*** Data ***

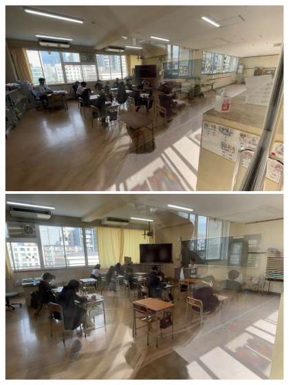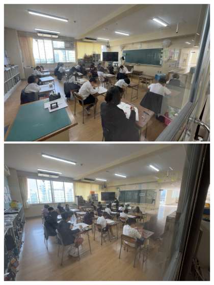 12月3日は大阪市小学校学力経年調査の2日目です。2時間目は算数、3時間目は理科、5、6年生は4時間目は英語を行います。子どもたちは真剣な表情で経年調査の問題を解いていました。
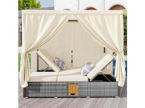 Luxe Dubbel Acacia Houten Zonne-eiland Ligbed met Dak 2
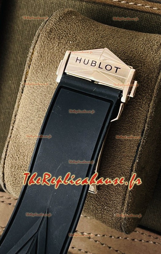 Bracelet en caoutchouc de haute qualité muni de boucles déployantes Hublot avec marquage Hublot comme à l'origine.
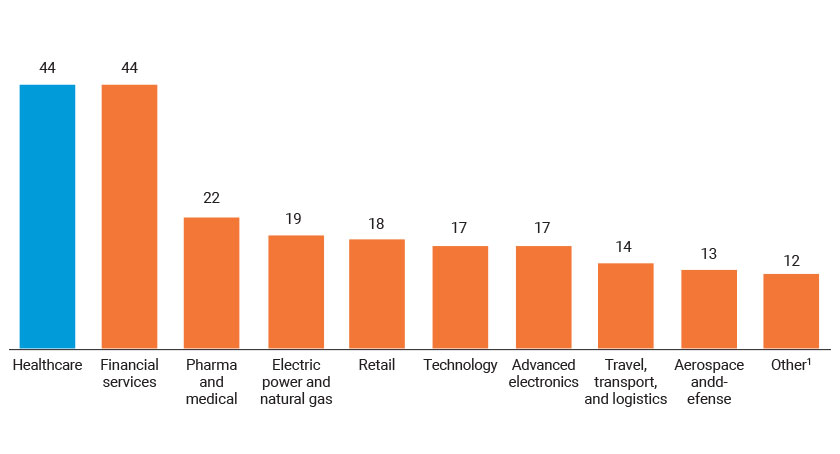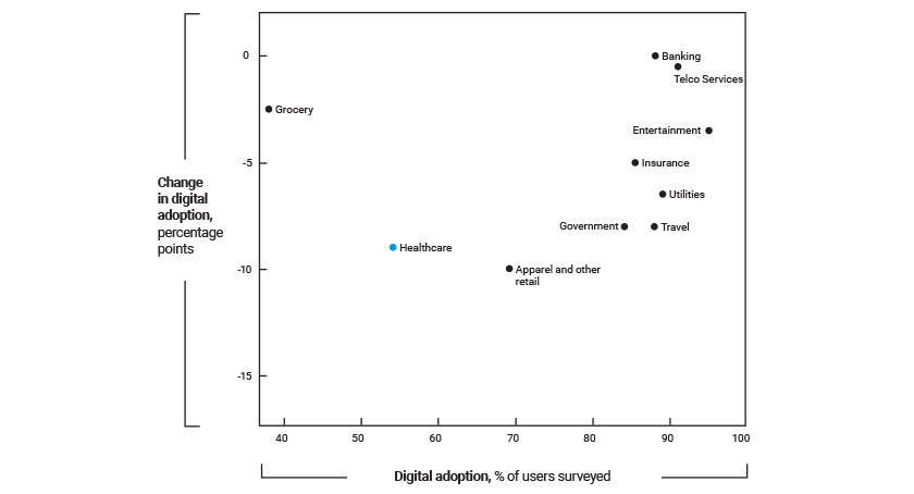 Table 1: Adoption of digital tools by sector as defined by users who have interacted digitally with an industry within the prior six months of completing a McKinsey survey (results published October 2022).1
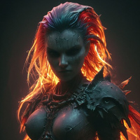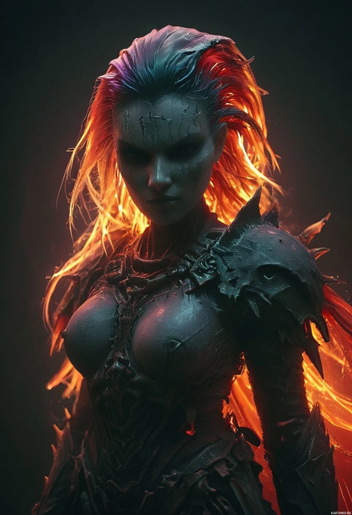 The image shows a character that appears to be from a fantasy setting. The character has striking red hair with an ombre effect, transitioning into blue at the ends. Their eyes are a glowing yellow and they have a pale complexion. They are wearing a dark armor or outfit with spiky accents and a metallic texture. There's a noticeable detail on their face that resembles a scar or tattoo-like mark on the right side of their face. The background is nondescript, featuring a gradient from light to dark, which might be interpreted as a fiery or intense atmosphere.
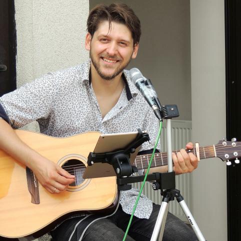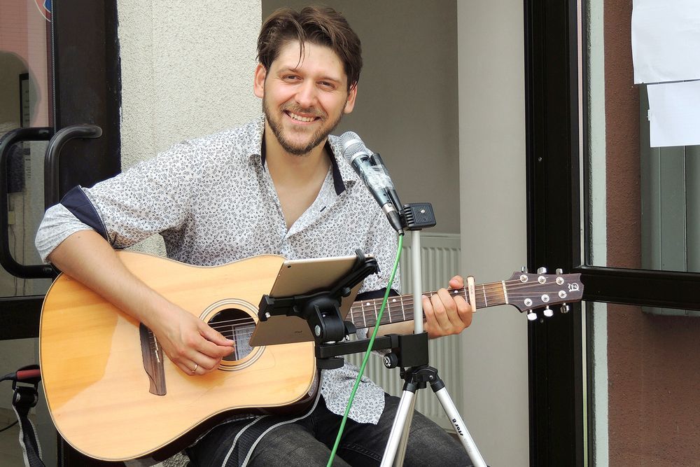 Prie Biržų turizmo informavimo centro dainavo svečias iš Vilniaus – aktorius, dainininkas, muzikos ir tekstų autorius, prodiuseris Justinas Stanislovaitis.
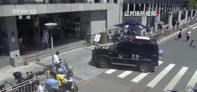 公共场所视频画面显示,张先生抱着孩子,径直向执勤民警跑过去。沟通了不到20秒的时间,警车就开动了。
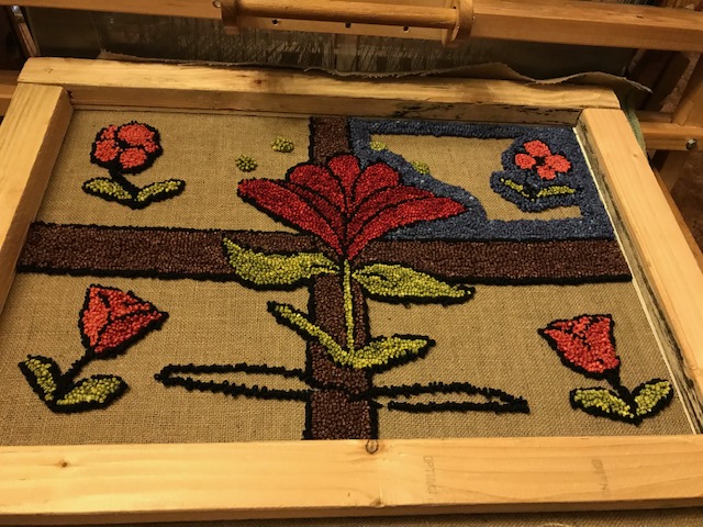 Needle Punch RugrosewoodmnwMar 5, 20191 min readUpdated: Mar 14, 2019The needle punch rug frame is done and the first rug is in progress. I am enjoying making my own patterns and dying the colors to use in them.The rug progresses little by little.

*** End of Data ***

> _What you have to do_:
Could you set down the records above exactly, skipping any picture?

> _Response to this exercise_:
 12月3日は大阪市小学校学力経年調査の2日目です。2時間目は算数、3時間目は理科、5、6年生は4時間目は英語を行います。子どもたちは真剣な表情で経年調査の問題を解いていました。
 Luxe Dubbel Acacia Houten Zonne-eiland Ligbed met Dak 2
 Bracelet en caoutchouc de haute qualité muni de boucles déployantes Hublot avec marquage Hublot comme à l'origine.
 Table 1: Adoption of digital tools by sector as defined by users who have interacted digitally with an industry within the prior six months of completing a McKinsey survey (results published October 2022).1
 The image shows a character that appears to be from a fantasy setting. The character has striking red hair with an ombre effect, transitioning into blue at the ends. Their eyes are a glowing yellow and they have a pale complexion. They are wearing a dark armor or outfit with spiky accents and a metallic texture. There's a noticeable detail on their face that resembles a scar or tattoo-like mark on the right side of their face. The background is nondescript, featuring a gradient from light to dark, which might be interpreted as a fiery or intense atmosphere.
 Prie Biržų turizmo informavimo centro dainavo svečias iš Vilniaus – aktorius, dainininkas, muzikos ir tekstų autorius, prodiuseris Justinas Stanislovaitis.
 公共场所视频画面显示,张先生抱着孩子,径直向执勤民警跑过去。沟通了不到20秒的时间,警车就开动了。
 Needle Punch RugrosewoodmnwMar 5, 20191 min readUpdated: Mar 14, 2019The needle punch rug frame is done and the first rug is in progress. I am enjoying making my own patterns and dying the colors to use in them.The rug progresses little by little.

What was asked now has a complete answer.